RECORDED DATA

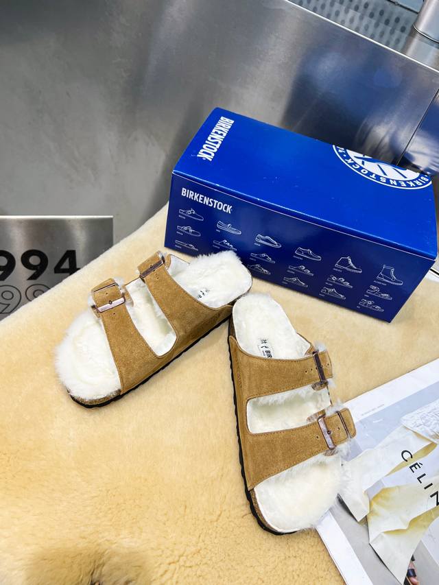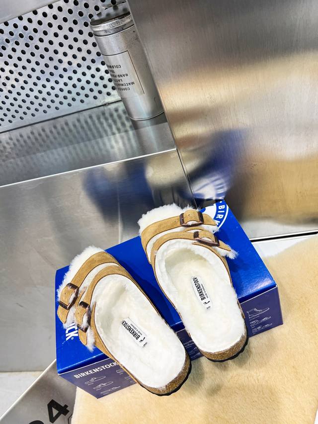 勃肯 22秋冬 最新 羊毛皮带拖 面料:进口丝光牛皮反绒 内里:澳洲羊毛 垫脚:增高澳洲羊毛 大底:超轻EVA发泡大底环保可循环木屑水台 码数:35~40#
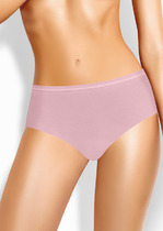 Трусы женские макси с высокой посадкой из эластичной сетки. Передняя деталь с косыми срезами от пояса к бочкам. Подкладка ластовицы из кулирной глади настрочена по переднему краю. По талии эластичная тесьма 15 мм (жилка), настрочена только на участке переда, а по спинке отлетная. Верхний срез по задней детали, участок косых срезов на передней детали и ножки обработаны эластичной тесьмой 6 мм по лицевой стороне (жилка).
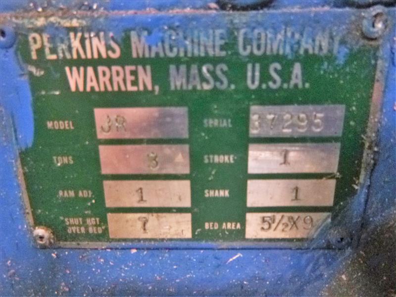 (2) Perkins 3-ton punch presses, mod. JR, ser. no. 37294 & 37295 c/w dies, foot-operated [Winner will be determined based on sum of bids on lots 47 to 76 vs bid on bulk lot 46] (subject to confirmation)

WHAT IS REQUIRED
Once the pictures are set aside, repeat the remaining data word for word.

WORKED SOLUTION
 勃肯 22秋冬 最新 羊毛皮带拖 面料:进口丝光牛皮反绒 内里:澳洲羊毛 垫脚:增高澳洲羊毛 大底:超轻EVA发泡大底环保可循环木屑水台 码数:35~40#
 Трусы женские макси с высокой посадкой из эластичной сетки. Передняя деталь с косыми срезами от пояса к бочкам. Подкладка ластовицы из кулирной глади настрочена по переднему краю. По талии эластичная тесьма 15 мм (жилка), настрочена только на участке переда, а по спинке отлетная. Верхний срез по задней детали, участок косых срезов на передней детали и ножки обработаны эластичной тесьмой 6 мм по лицевой стороне (жилка).
 (2) Perkins 3-ton punch presses, mod. JR, ser. no. 37294 & 37295 c/w dies, foot-operated [Winner will be determined based on sum of bids on lots 47 to 76 vs bid on bulk lot 46] (subject to confirmation)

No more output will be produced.